What you will do:
The entries below contain pictures, which are to be left out; write out exactly, and only, the lines from the line with "等待許久的舞台活動終於開始,首先登場的是" up to and including the line with "de hasta 3 A.".

Data excerpts:
○ ○ ○ ○ ○

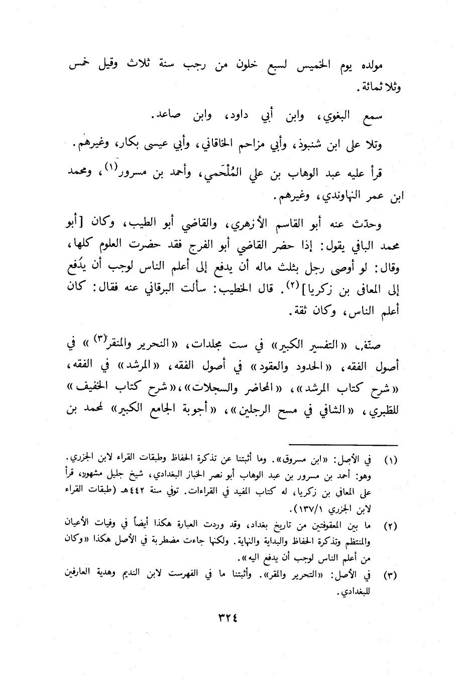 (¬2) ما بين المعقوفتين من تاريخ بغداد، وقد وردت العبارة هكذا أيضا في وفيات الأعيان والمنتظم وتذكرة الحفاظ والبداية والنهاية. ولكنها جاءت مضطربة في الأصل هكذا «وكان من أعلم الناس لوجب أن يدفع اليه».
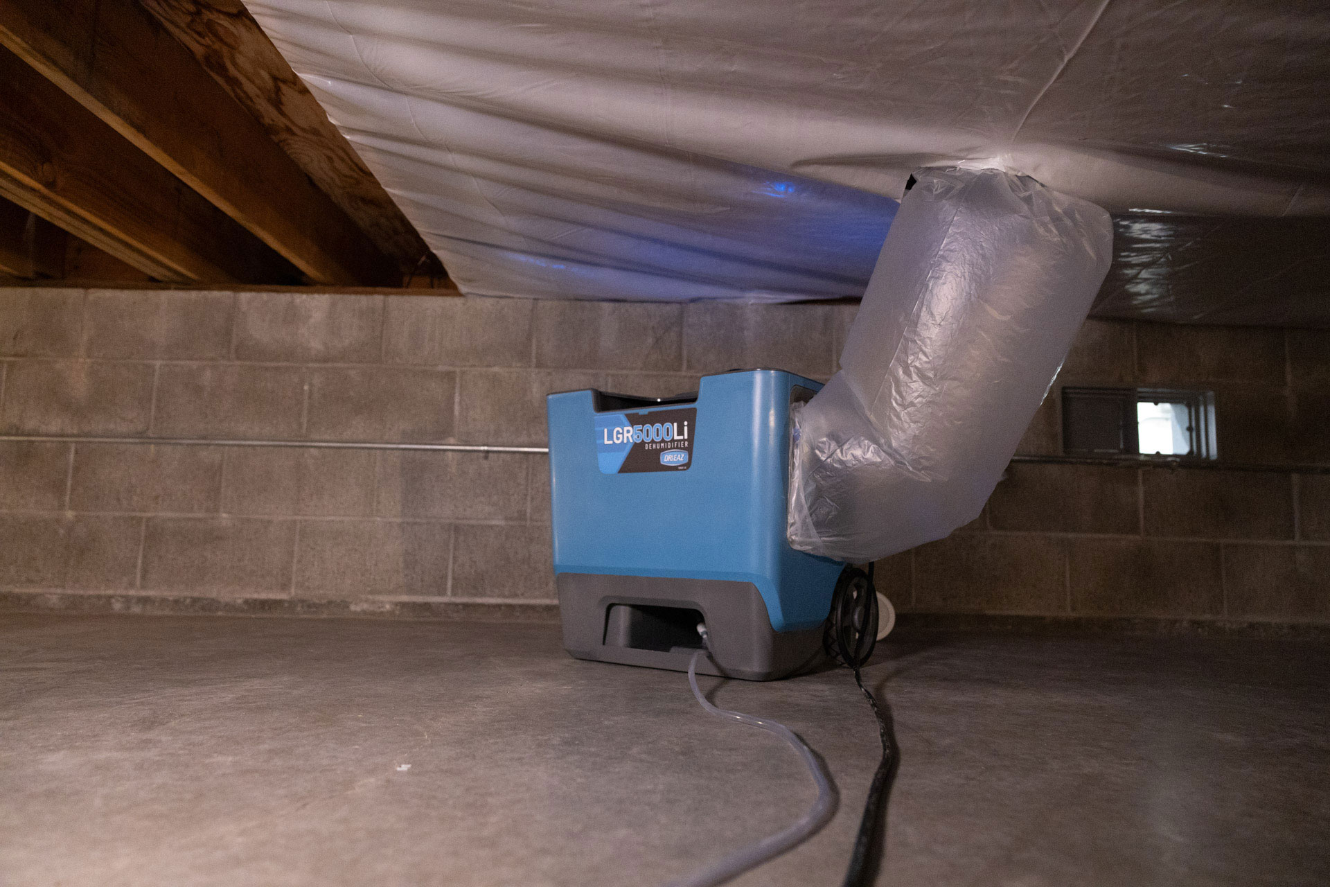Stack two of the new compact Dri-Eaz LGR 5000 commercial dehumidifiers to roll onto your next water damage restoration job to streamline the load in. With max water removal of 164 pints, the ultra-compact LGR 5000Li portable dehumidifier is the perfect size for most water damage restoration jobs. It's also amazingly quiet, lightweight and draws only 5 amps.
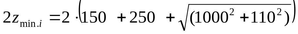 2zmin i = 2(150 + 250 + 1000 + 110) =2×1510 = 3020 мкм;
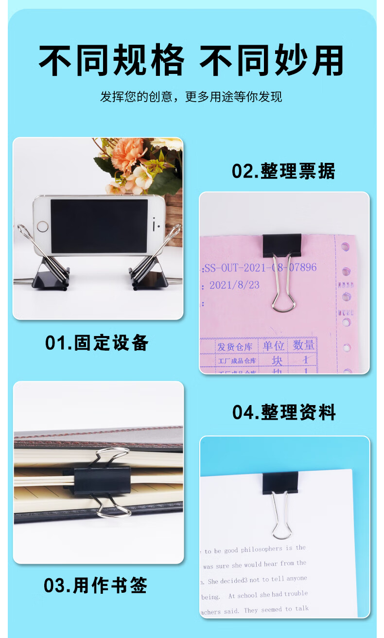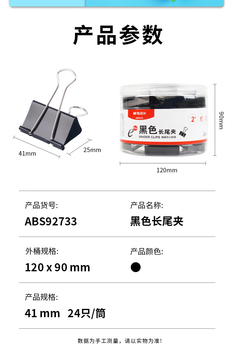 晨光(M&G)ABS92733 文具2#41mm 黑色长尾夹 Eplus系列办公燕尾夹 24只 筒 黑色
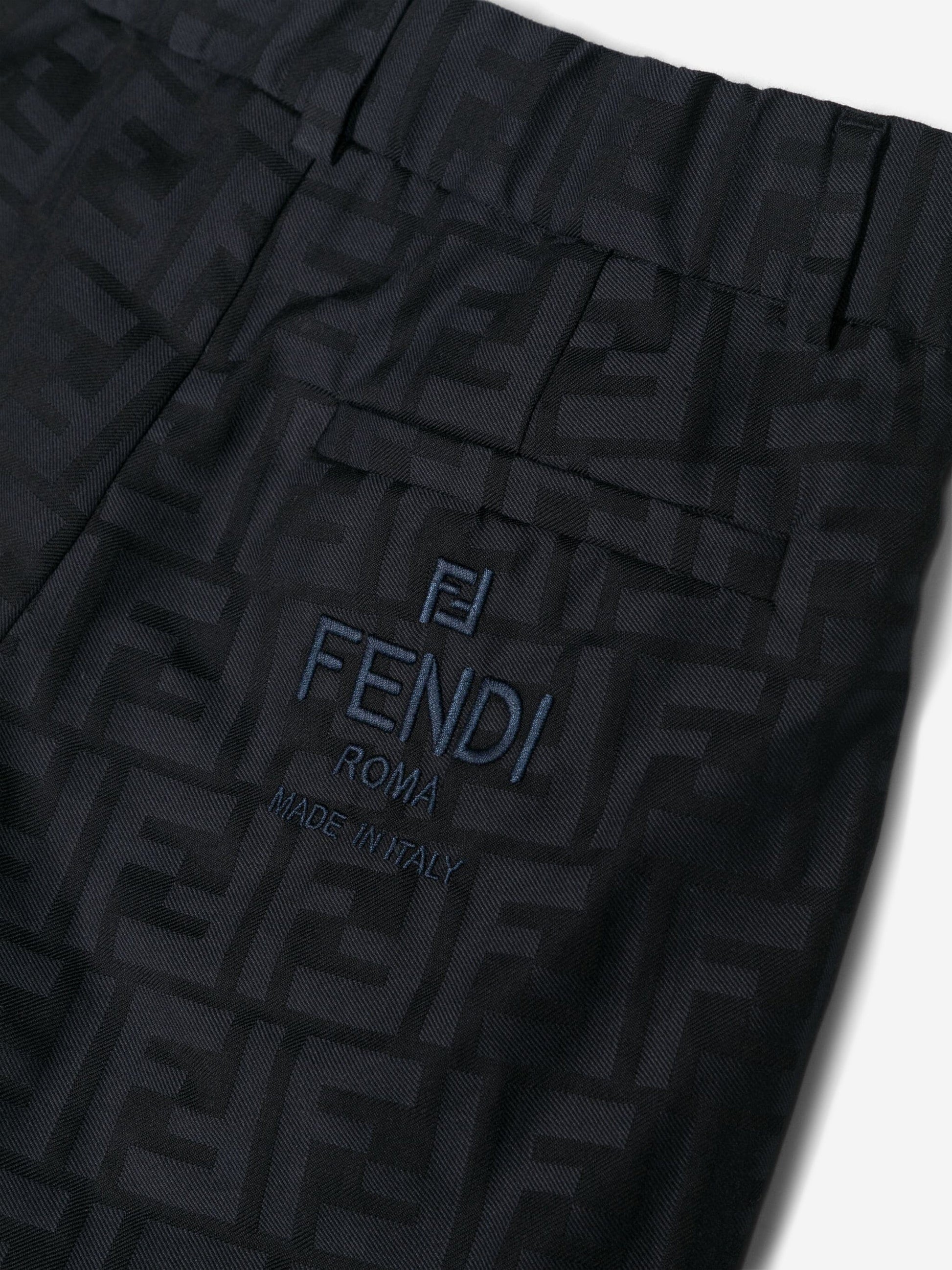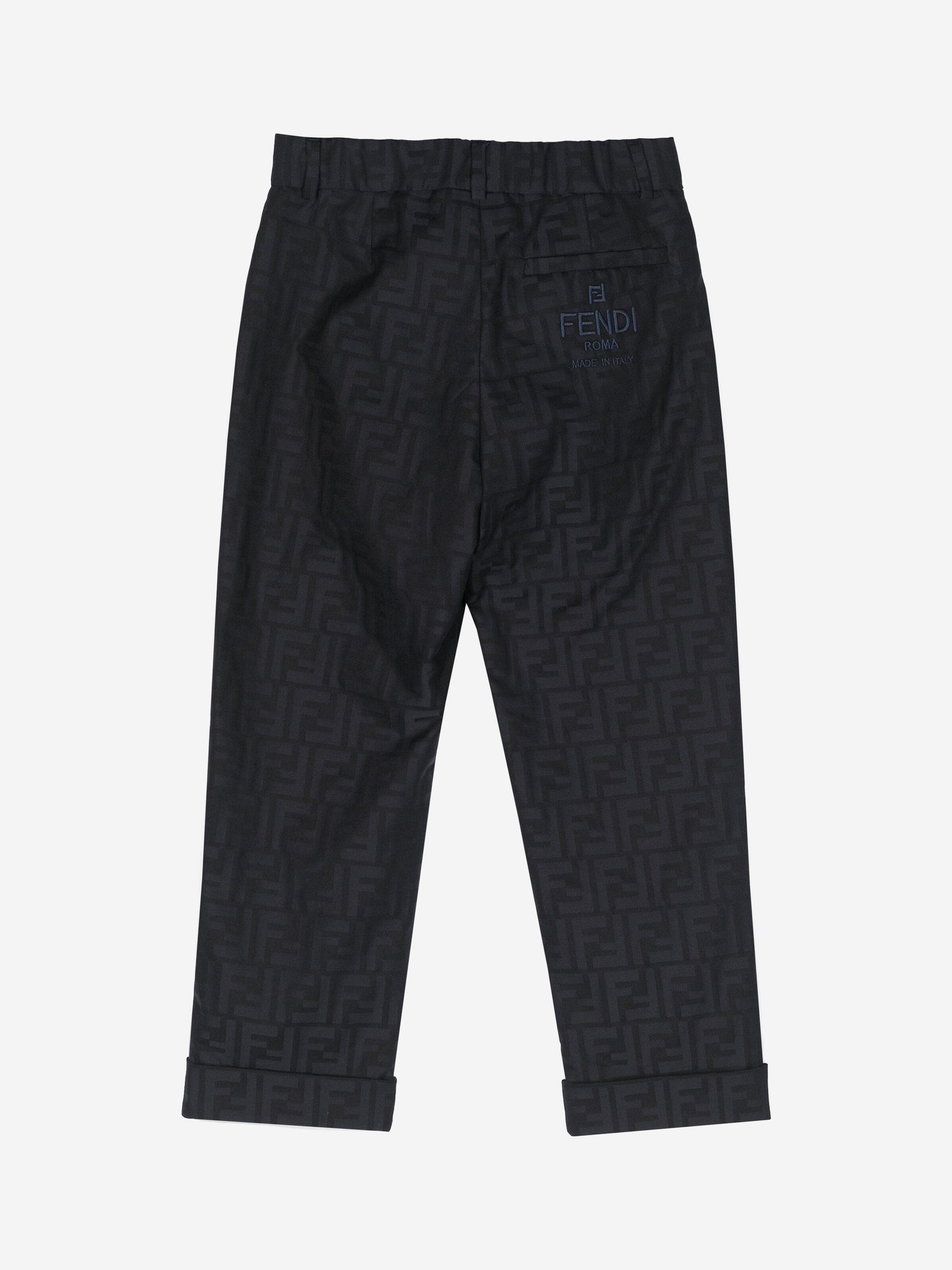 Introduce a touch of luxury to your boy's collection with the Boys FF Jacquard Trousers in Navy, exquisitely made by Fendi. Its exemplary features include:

○ ○ ○ ○ ○

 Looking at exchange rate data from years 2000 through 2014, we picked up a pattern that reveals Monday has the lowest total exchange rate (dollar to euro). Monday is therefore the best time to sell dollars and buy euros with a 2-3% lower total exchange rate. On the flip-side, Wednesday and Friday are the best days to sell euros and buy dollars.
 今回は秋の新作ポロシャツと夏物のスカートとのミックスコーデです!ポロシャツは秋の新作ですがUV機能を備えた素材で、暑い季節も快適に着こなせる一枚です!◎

○ ○ ○ ○ ○

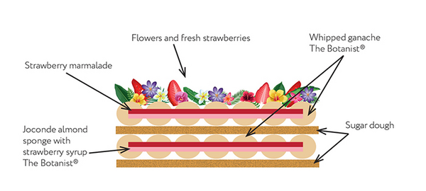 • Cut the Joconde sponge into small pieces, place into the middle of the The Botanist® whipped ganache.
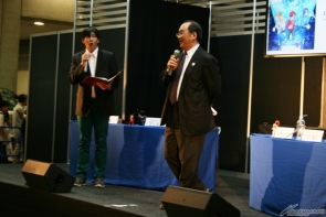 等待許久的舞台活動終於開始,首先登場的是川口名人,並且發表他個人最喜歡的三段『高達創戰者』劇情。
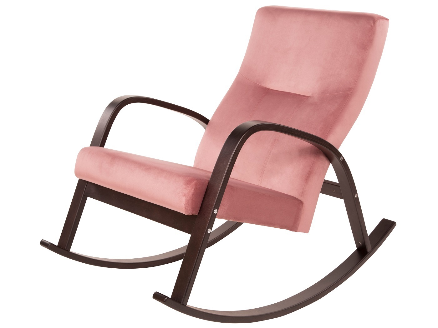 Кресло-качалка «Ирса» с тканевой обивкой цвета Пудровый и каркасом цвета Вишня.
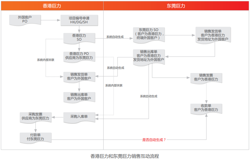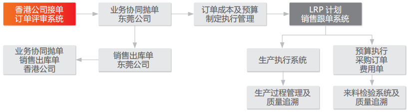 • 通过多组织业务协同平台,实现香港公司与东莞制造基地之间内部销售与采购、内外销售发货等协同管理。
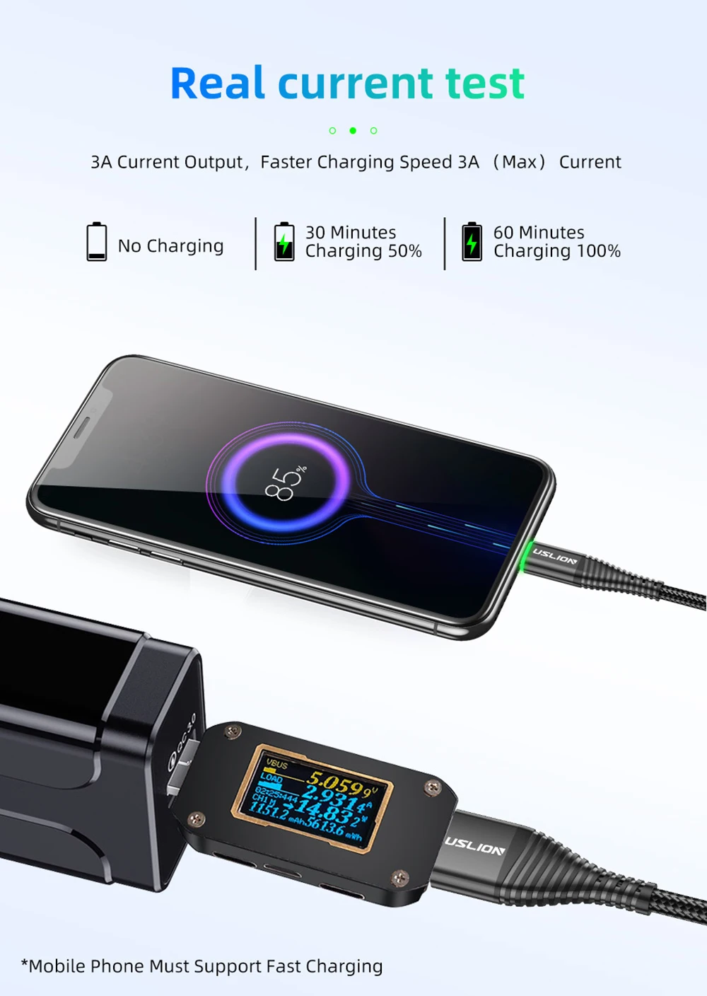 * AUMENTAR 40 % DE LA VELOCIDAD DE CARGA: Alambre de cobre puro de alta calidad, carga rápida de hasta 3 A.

○ ○ ○ ○ ○

Solution:
 等待許久的舞台活動終於開始,首先登場的是川口名人,並且發表他個人最喜歡的三段『高達創戰者』劇情。
 Кресло-качалка «Ирса» с тканевой обивкой цвета Пудровый и каркасом цвета Вишня.
 • 通过多组织业务协同平台,实现香港公司与东莞制造基地之间内部销售与采购、内外销售发货等协同管理。
 * AUMENTAR 40 % DE LA VELOCIDAD DE CARGA: Alambre de cobre puro de alta calidad, carga rápida de hasta 3 A.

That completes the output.